- ASSIGNED TASK: Begin at the top of the entries below and write out every line through the one containing "Académicos de la", excluding pictures.

- EXERCISE MATERIAL:
☆ ☆ ☆
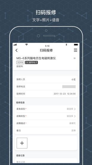 含有掃碼報修服務(wù),可自行上傳文字、圖片和語音等報修信息;
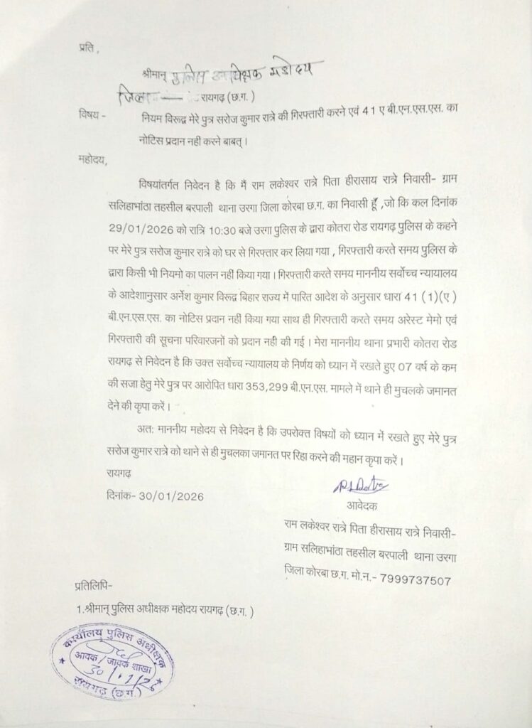 सरोज रात्रे के पिता ने पुलिस अधीक्षक को बताया बिना नोटिस और नियम विरुद्ध गिरफ्तारी !
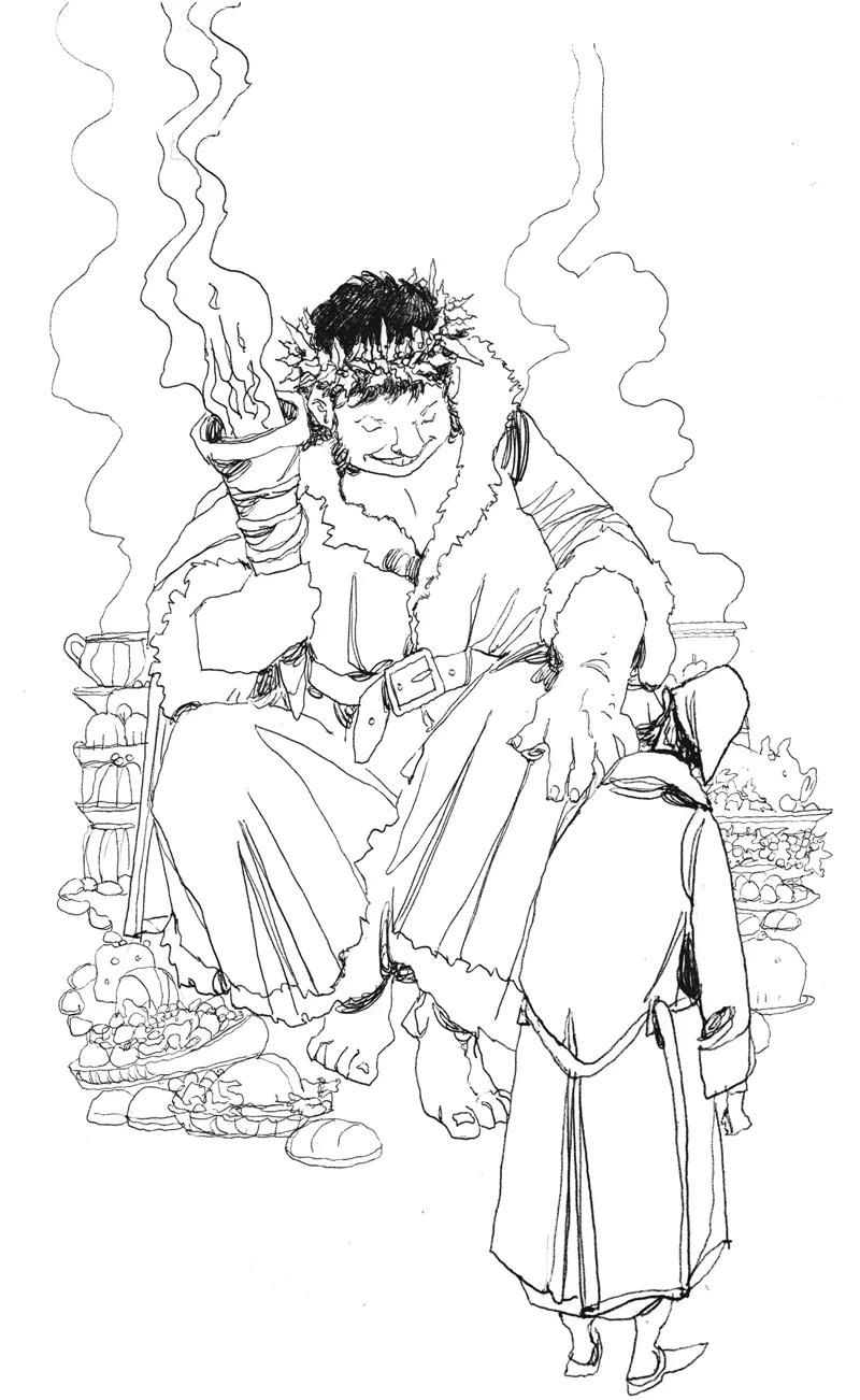 Il vecchio si affrettò a ubbidire, e vide che lo spettro era avvolto in una sorta di mantello verde scuro bordato di pelliccia bianca, gettato sulle spalle con tanta noncuranza da lasciargli scoperto il petto. Era a piedi nudi e aveva in testa una corona di agrifoglio, ornata da ghiaccioli luminosi. I lunghi riccioli scuri gli ricadevano sulla fronte, liberi come il suo viso simpatico, gli occhi brillanti, le mani spalancate, la voce allegra, l’atteggiamento semplice, i modi cordiali e l’aria sorridente. Appeso alla cintola aveva un fodero vecchio e arrugginito, vuoto.
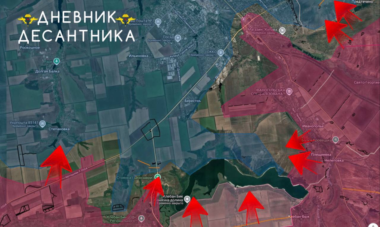 Таким образом, наши войска стремятся к выходу на трассу Т-0504, по которой противник осуществляет снабжение группировки в Константиновке и в балке у водохранилища;
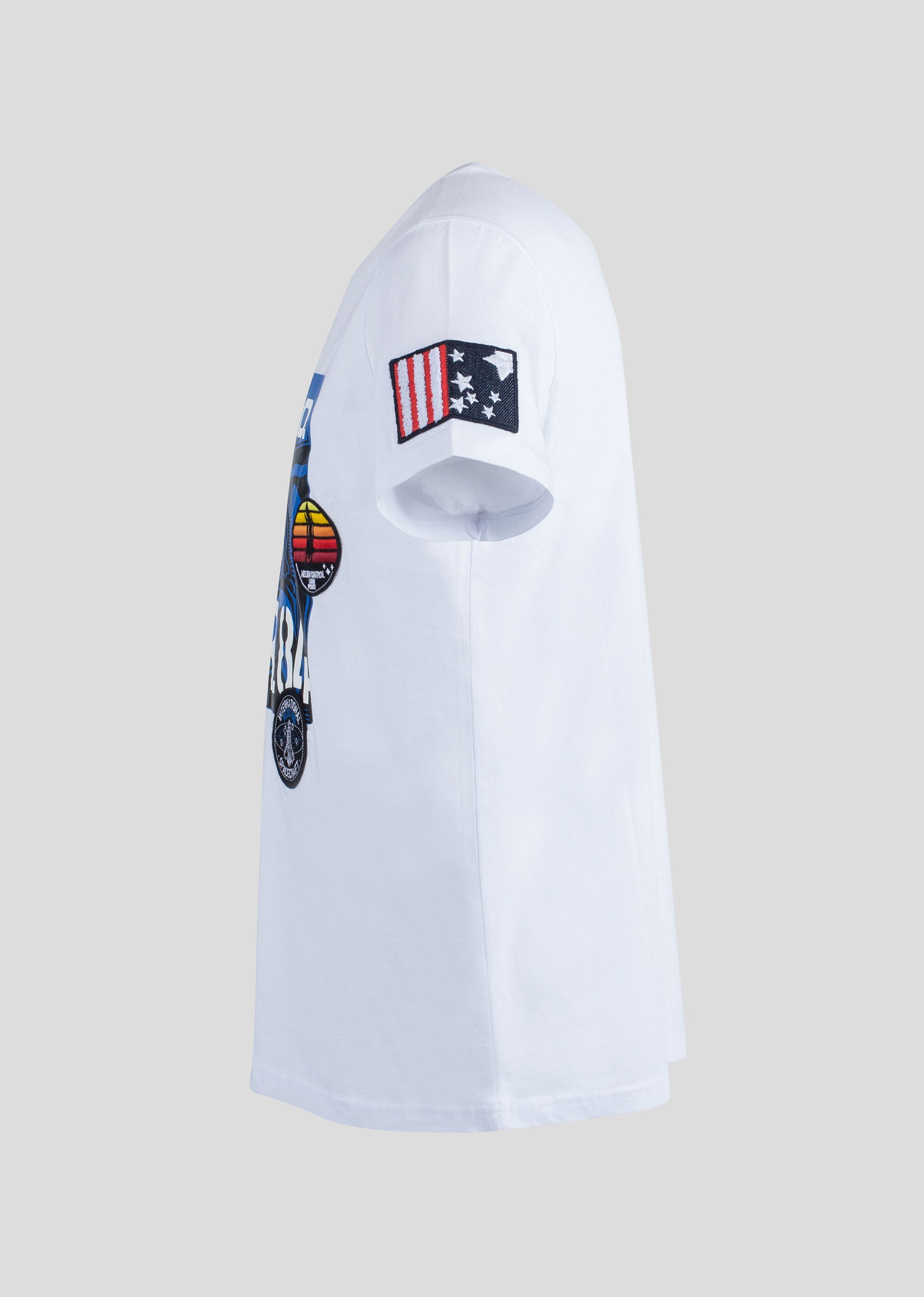 Le t-shirt ORION YARD est disponible en col rond et à manches courtes. On retrouve plusieurs éléments du thème "espace" notamment des fusées ou drapeau. 60% coton - 40% polyester
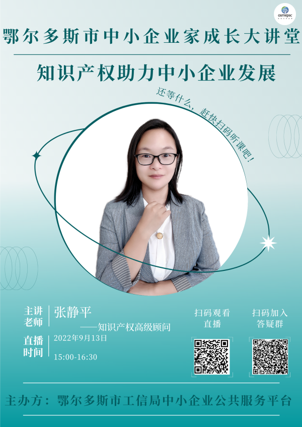創(chuàng)新已成為中小企業(yè)快速成長(zhǎng)的原動(dòng)力,是提升核心競(jìng)爭(zhēng)力和持續(xù)發(fā)展能力的關(guān)鍵抓手。保護(hù)知識(shí)產(chǎn)權(quán)就是保護(hù)創(chuàng)新,用好知識(shí)產(chǎn)權(quán)才能激勵(lì)創(chuàng)新。為充分發(fā)揮知識(shí)產(chǎn)權(quán)管理在中小企業(yè)發(fā)展中的重要作用,進(jìn)一步增強(qiáng)中小企業(yè)知識(shí)產(chǎn)權(quán)保護(hù)意識(shí)和管理水平,助力企業(yè)創(chuàng)新高質(zhì)量發(fā)展,2022年9月13日,鄂爾多斯市中小企業(yè)家成長(zhǎng)大講堂將為您帶來精彩直播課程——知識(shí)產(chǎn)權(quán)助力中小企業(yè)發(fā)展。本次課程我們邀請(qǐng)到知識(shí)產(chǎn)權(quán)高級(jí)顧問張靜平為大家直播授課。
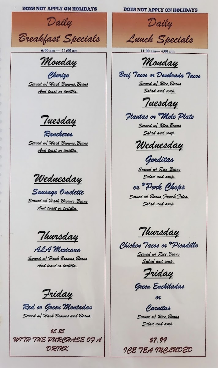 New Clock Steak Specials
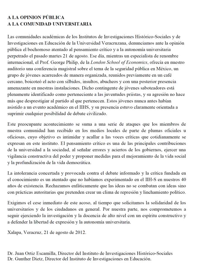 Académicos de la UV, atacados para acallar voces críticas en sus Institutos
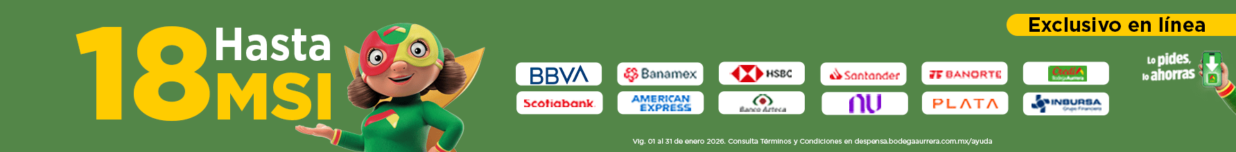 ¡Tu despensa siempre gana con el poder de ahorrar mucho más en Bodega Aurrera en Línea! Aprovecha tu Morralla y compra tu canasta básica con los precios más bajos. Encuentra todo para tu hogar y los abarrotes, frutas y verduras favoritos de tu familia. Pide en Bodega Aurrera en Línea o desde su App los productos de farmacia y electrodomésticos, pantallas y videojuegos que te hacen la vida más fácil y divertida. Paga con vales de despensa, tarjeta de crédito, débito o en efectivo y recibe todo sin salir de casa con Envíos express, Envíos a domicilio o Recoger en tienda, ¡tú eliges!
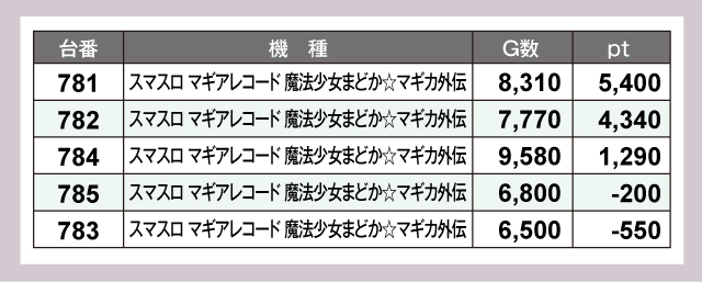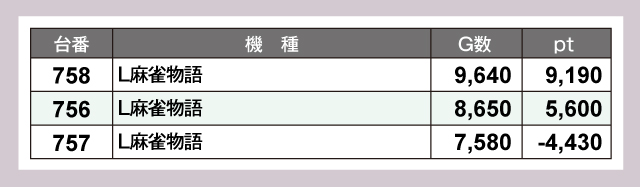 『スマスロ マギアレコード 魔法少女まどか☆マギカ外伝』と『L麻雀物語』は設置台数が比較的少なめながら、いずれの台も十分なG数が稼がれていて、それに呼応するかのように高水準のptを招いている。
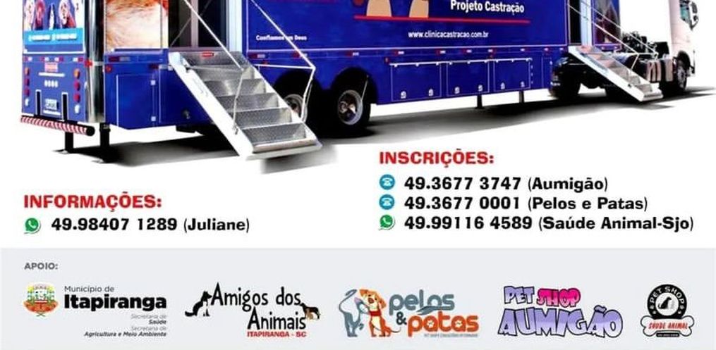 A carreta do projeto castração estará em Itapiranga dia 31 de agosto, uma quarta-feira, no Complexo Oktober. As inscrições já podem ser feitas em Pet Shop da cidade e também em São João do Oeste.
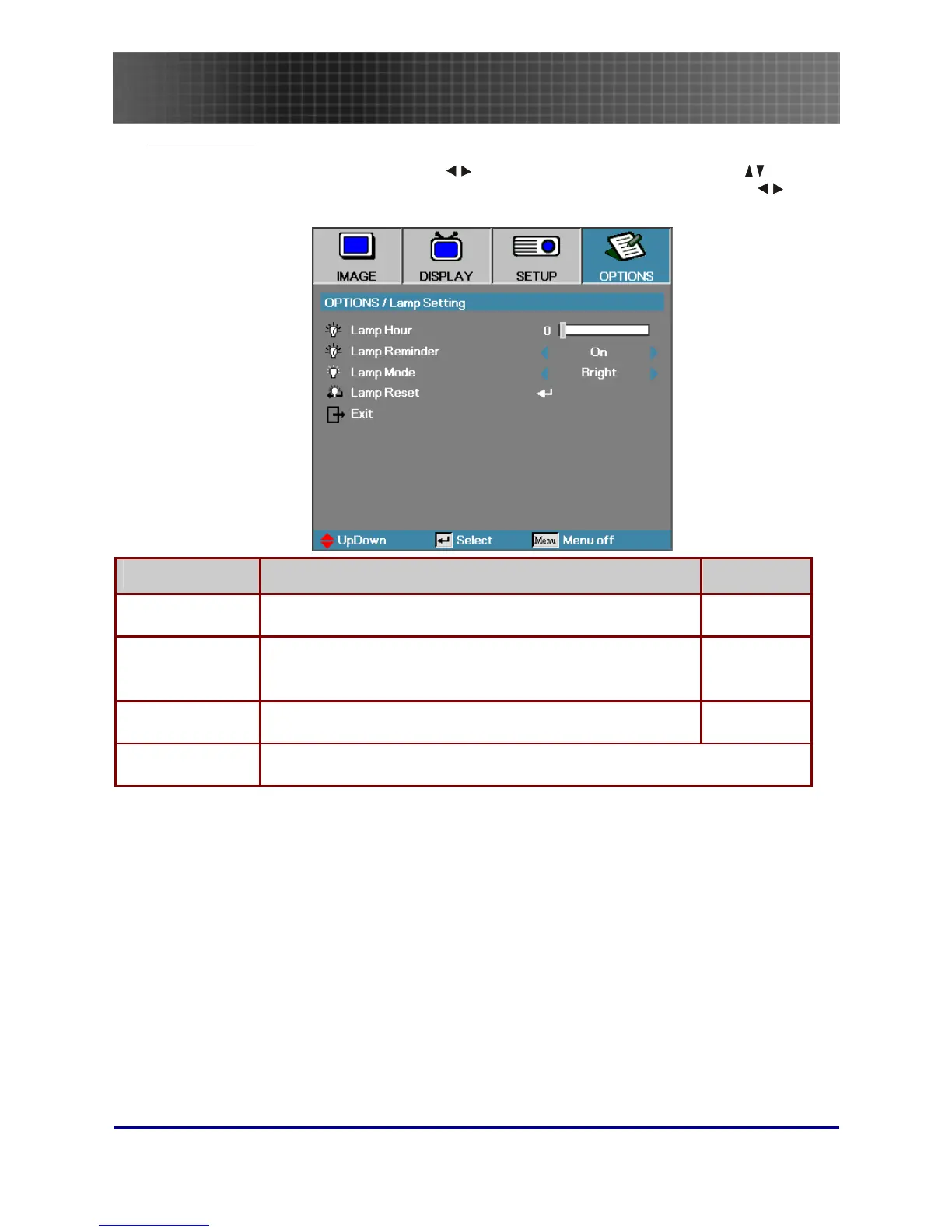 up and down in the OPTIONS menu. Select Lamp Setting in the OPTIONS menu. Press
☆ ☆ ☆
- YOUR RESPONSE:
 含有掃碼報修服務(wù),可自行上傳文字、圖片和語音等報修信息;
 सरोज रात्रे के पिता ने पुलिस अधीक्षक को बताया बिना नोटिस और नियम विरुद्ध गिरफ्तारी !
 Il vecchio si affrettò a ubbidire, e vide che lo spettro era avvolto in una sorta di mantello verde scuro bordato di pelliccia bianca, gettato sulle spalle con tanta noncuranza da lasciargli scoperto il petto. Era a piedi nudi e aveva in testa una corona di agrifoglio, ornata da ghiaccioli luminosi. I lunghi riccioli scuri gli ricadevano sulla fronte, liberi come il suo viso simpatico, gli occhi brillanti, le mani spalancate, la voce allegra, l’atteggiamento semplice, i modi cordiali e l’aria sorridente. Appeso alla cintola aveva un fodero vecchio e arrugginito, vuoto.
 Таким образом, наши войска стремятся к выходу на трассу Т-0504, по которой противник осуществляет снабжение группировки в Константиновке и в балке у водохранилища;
 Le t-shirt ORION YARD est disponible en col rond et à manches courtes. On retrouve plusieurs éléments du thème "espace" notamment des fusées ou drapeau. 60% coton - 40% polyester
創(chuàng)新已成為中小企業(yè)快速成長(zhǎng)的原動(dòng)力,是提升核心競(jìng)爭(zhēng)力和持續(xù)發(fā)展能力的關(guān)鍵抓手。保護(hù)知識(shí)產(chǎn)權(quán)就是保護(hù)創(chuàng)新,用好知識(shí)產(chǎn)權(quán)才能激勵(lì)創(chuàng)新。為充分發(fā)揮知識(shí)產(chǎn)權(quán)管理在中小企業(yè)發(fā)展中的重要作用,進(jìn)一步增強(qiáng)中小企業(yè)知識(shí)產(chǎn)權(quán)保護(hù)意識(shí)和管理水平,助力企業(yè)創(chuàng)新高質(zhì)量發(fā)展,2022年9月13日,鄂爾多斯市中小企業(yè)家成長(zhǎng)大講堂將為您帶來精彩直播課程——知識(shí)產(chǎn)權(quán)助力中小企業(yè)發(fā)展。本次課程我們邀請(qǐng)到知識(shí)產(chǎn)權(quán)高級(jí)顧問張靜平為大家直播授課。
 New Clock Steak Specials
 Académicos de la UV, atacados para acallar voces críticas en sus Institutos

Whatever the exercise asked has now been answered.